**Exercise:**
Copy out the listing that follows, exactly, without its pictures.

**Data excerpt:**
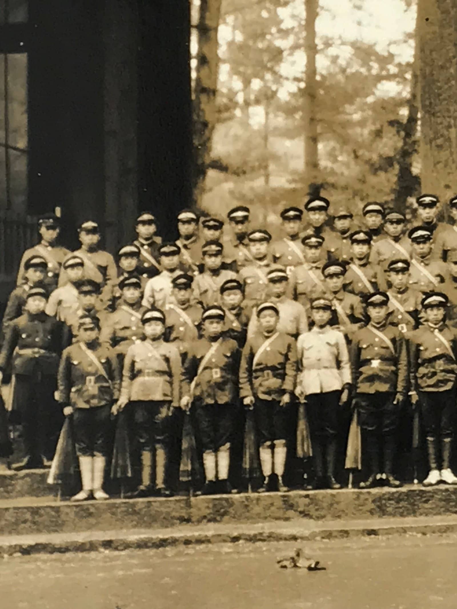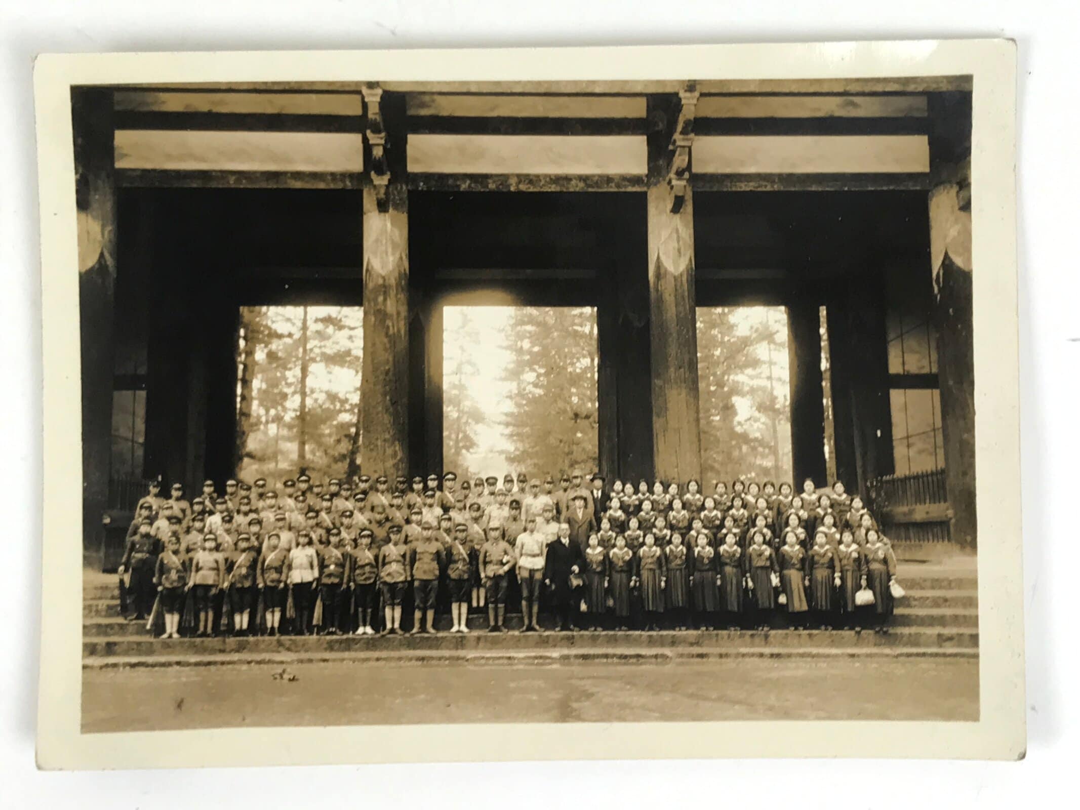 This is an original vintage early Showa Era photograph of a class of students in a sepia tone. The boys wear military uniforms (they were likely expected to enslist and were also given military education), while the girls wear traditional sailor-fuku school uniforms. The teachers all wear suits. They are posed in front of the Nandaimon Gate outside of the famous Todaiji Temple in Nara Prefecture.
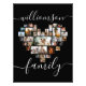 Heart-Shaped Photo Collage Family Script Caligraphy, Create a stunning Photo Enlargement featuring 35 of your most cherished memories! Our heart-shaped photo collage template beautifully showcases your pictures in a mix of portrait, landscape, and square Instagram formats. Simply upload your photos in rows, from top to bottom, and enjoy a design with a sleek black background and the word "family" in elegant script. Want to match your home decor? Click "customize further" or message us for assistance in selecting a different background colour. This Photo Enlargement makes the perfect addition to your family photo collection and is a great gift idea for weddings, Graduation, Christmas, Holidays, anniversaries, or engagements.
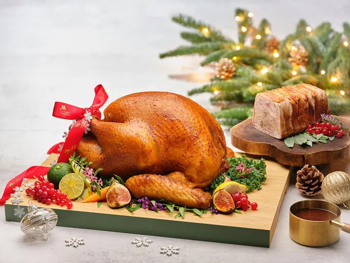 For a halal option, head to M Hotel Singapore and get the Winter Truffle Turkey with Parmigiano ($148+ for 4kg, good for six to eight persons). As the name suggests, the turkey is served with truffle champignon cream sauce and topped with a snowing of Parmigiano cheese. You will also get seasonal vegetables and potato sides.
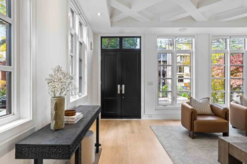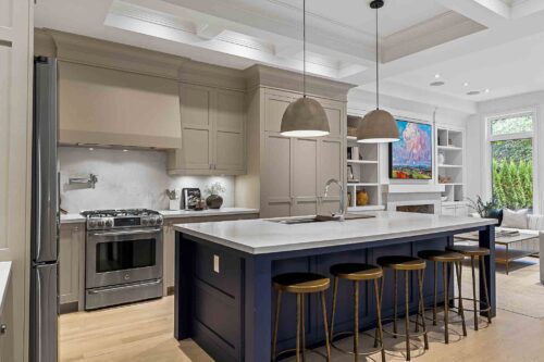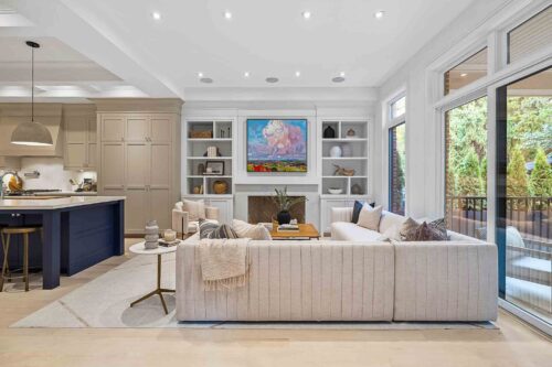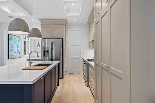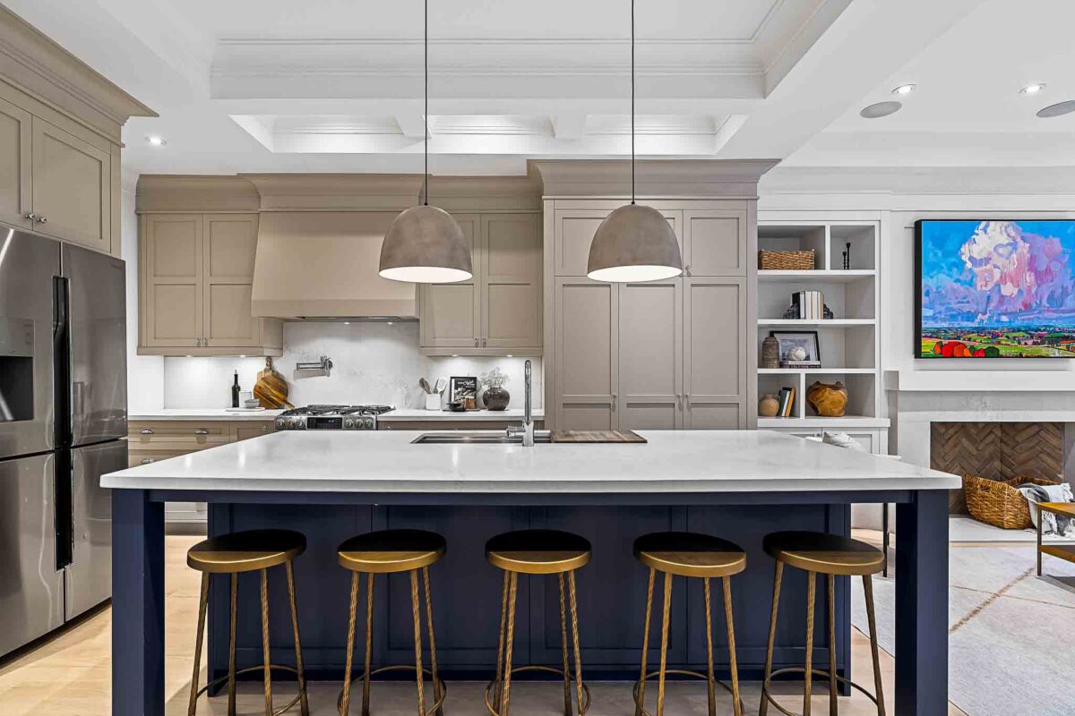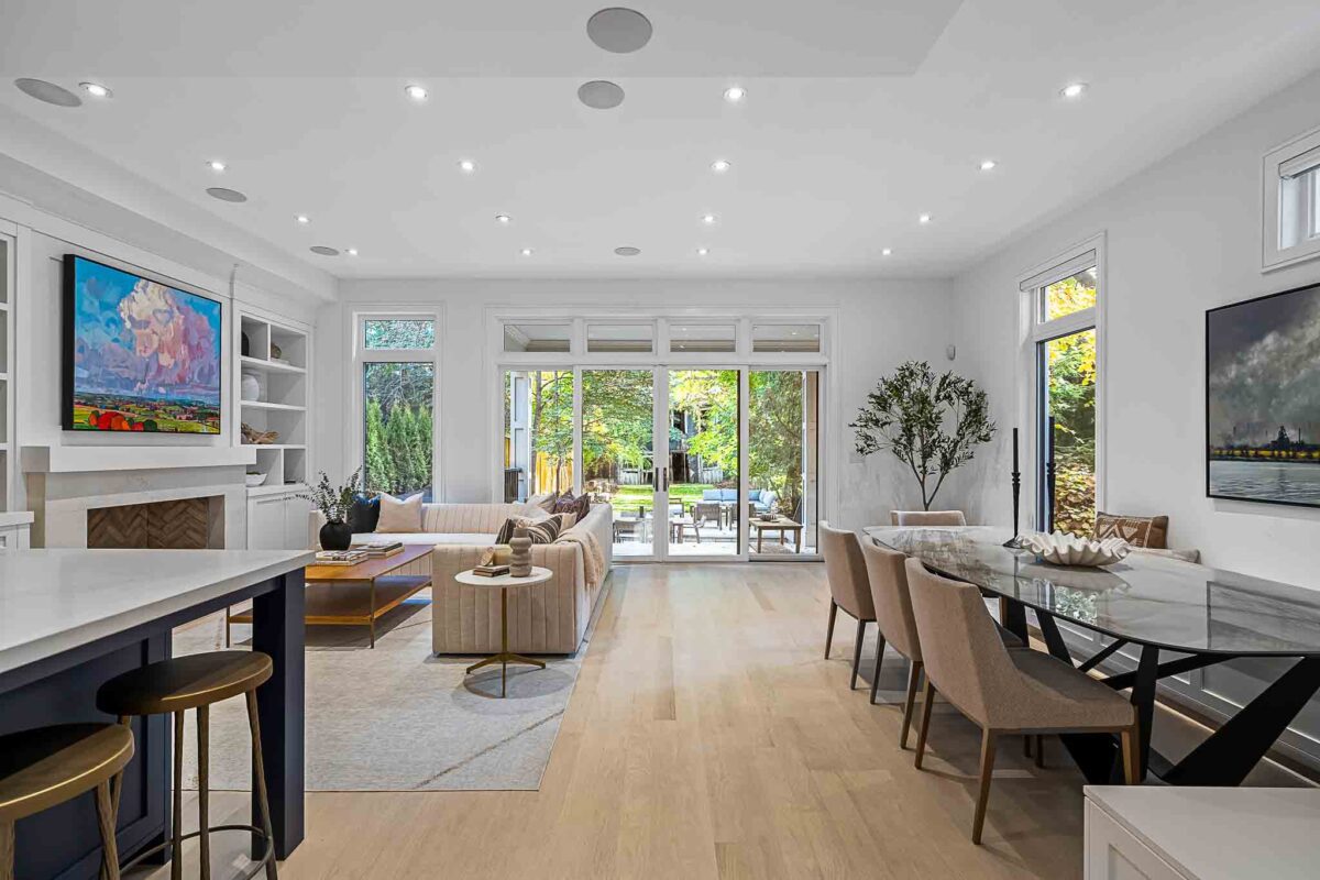 Within its walls, ceiling heights reach ten feet on the main floor, and the interior spaces impress with every corner you turn. Light plays an important role within the home, with oversized windows pouring natural light onto each level. The living room is beautifully appointed with coffered ceilings and impressive proportions. Pass by the discreetly positioned powder room with its lightbox art installation to reach the astounding open-concept interactive space where everyday lives are lived.

**Task answer:**
 This is an original vintage early Showa Era photograph of a class of students in a sepia tone. The boys wear military uniforms (they were likely expected to enslist and were also given military education), while the girls wear traditional sailor-fuku school uniforms. The teachers all wear suits. They are posed in front of the Nandaimon Gate outside of the famous Todaiji Temple in Nara Prefecture.
 Heart-Shaped Photo Collage Family Script Caligraphy, Create a stunning Photo Enlargement featuring 35 of your most cherished memories! Our heart-shaped photo collage template beautifully showcases your pictures in a mix of portrait, landscape, and square Instagram formats. Simply upload your photos in rows, from top to bottom, and enjoy a design with a sleek black background and the word "family" in elegant script. Want to match your home decor? Click "customize further" or message us for assistance in selecting a different background colour. This Photo Enlargement makes the perfect addition to your family photo collection and is a great gift idea for weddings, Graduation, Christmas, Holidays, anniversaries, or engagements.
 For a halal option, head to M Hotel Singapore and get the Winter Truffle Turkey with Parmigiano ($148+ for 4kg, good for six to eight persons). As the name suggests, the turkey is served with truffle champignon cream sauce and topped with a snowing of Parmigiano cheese. You will also get seasonal vegetables and potato sides.
 Within its walls, ceiling heights reach ten feet on the main floor, and the interior spaces impress with every corner you turn. Light plays an important role within the home, with oversized windows pouring natural light onto each level. The living room is beautifully appointed with coffered ceilings and impressive proportions. Pass by the discreetly positioned powder room with its lightbox art installation to reach the astounding open-concept interactive space where everyday lives are lived.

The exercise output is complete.